Both those points were true. The Fat Lady weighed nearly ten tons, which was more than any bomber could carry. And anything bigger than a Piper Cub drew the Lizards’ immediate and hostile attention. Groves didn’t know how to make a nuclear weapon small enough to fit into a Piper Cub, but he did know that, no matter what the
Luftwaffe
thought, you didn’t have to deliver a bomb by air.

“I promise you, Dr. Szilard: we will manage when the time comes,” he said, and let it go at that. He didn’t want everybody to hear what the delivery plans were. Security wasn’t as tight as it had been with the Japs and Nazis to worry about; he had trouble imagining anybody vile enough to want to betray American atomic secrets to the Lizards. But he was just an engineer, and knew his imagination had limits. What was unthinkable for him might not be for someone else.

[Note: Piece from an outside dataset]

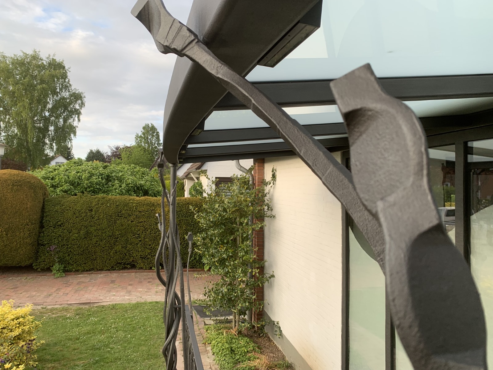 Das satinierte Vordach wird von handgeschmiedeten Pfosten gestützt.

“How do we even get the thing out of the reprocessing plant?” a technician asked. He worked at one of the piles, not here where the plutonium was extracted and the bomb made. Groves just pointed to the wooden cart on which the Fat Lady sat. It had wheels. The technician looked foolish.

He needn’t have. Moving ten tons was no laughing matter, especially when those ten tons included complicated gadgetry and had to be moved in utmost secrecy. Groves had most of the answers now. Inside a week, he needed all of them. He was confident he’d get them. Moving heavy things from one place to another was a technology mankind had had under control since the days of the Pharaohs.

Somebody said, “We got our bombs now. How soon will the Germans have theirs? When will the Russians set off another one? What about the Japs?”

“If there are no other questions, class is dismissed,” Groves said solemnly. That got the laugh he’d hoped for. When it was over, he went on, “The Germans aren’t very far behind us. If they hadn’t had their, ah, accident, they might be ahead of us.”

The intelligence information on which he based that wasn’t firsthand. Much of it came from things Molotov had said when he was in New York. Where Molotov had got it, Groves didn’t know. The Russians had been wrong about the Germans before, generally to their sorrow.